In recent years, Taiwan authorities have taken steps to encourage a more efficient flow of financial resources and credit. The limit on NTD deposits that a branch of a foreign bank may hold has been lifted. Non-residents are permitted to open NTD bank accounts, though they are subject to capital-flow controls that limit each remittance to USD 100,000. There are no restrictions on residents opening bank accounts overseas. A freeze on new bank branches, designed to encourage consolidation in the banking industry, was removed in 2007, although both foreign and domestic banks still require case-by-case approval to open new branches. In 2013, the FSC lifted a previous requirement that foreign banks merge branch operations into newly opened subsidiaries, thereby allowing them keep both branch and subsidiary operations in Taiwan. Restrictions on capital flows relating to portfolio investment have also been removed. The banking, insurance and securities industries have been liberalized to a certain extent and are open to foreign investment. Since 2012, mainland Chinese banks have been allowed to acquire stakes of Taiwan banks, with a 10 percent ceiling on total mainland investment in a given Taiwan financial institution. Foreign institutional investors currently are allowed to enter Taiwan’s market without restrictions. There is no minimum asset requirement. On-shore foreign investors are subject to annual capital flow limits of USD 5 million for an individual foreign investor and USD 50 million for an unregistered foreign company.

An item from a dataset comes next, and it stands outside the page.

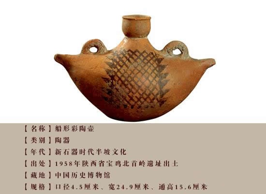 该器为1958年陕西省宝鸡北首岭遗址出土泥质红陶,口部呈杯状,器身横置,上部两端突尖,颇像一只小船。在两侧的腹部,各用黑彩绘出一张鱼网状的图案,鱼网挂在船边,似正撒网捕鱼,又像小船刚刚捕鱼回来,在晾晒鱼网。陶壶上端两肩上,横置两个桥形小耳,既便于提拿,又可穿绳背负,随身携带。

Money and Banking System, Hostile Takeovers

Taiwan has removed legal limits on foreign ownership in most companies listed on the TSE, with the exception of public utilities, power distribution, natural gas, postal service, telecommunications, mass media firms, and air and sea transportation industries. There have been no reports of private or official efforts to restrict the participation of foreign-invested firms in industry standards-setting consortia or organizations.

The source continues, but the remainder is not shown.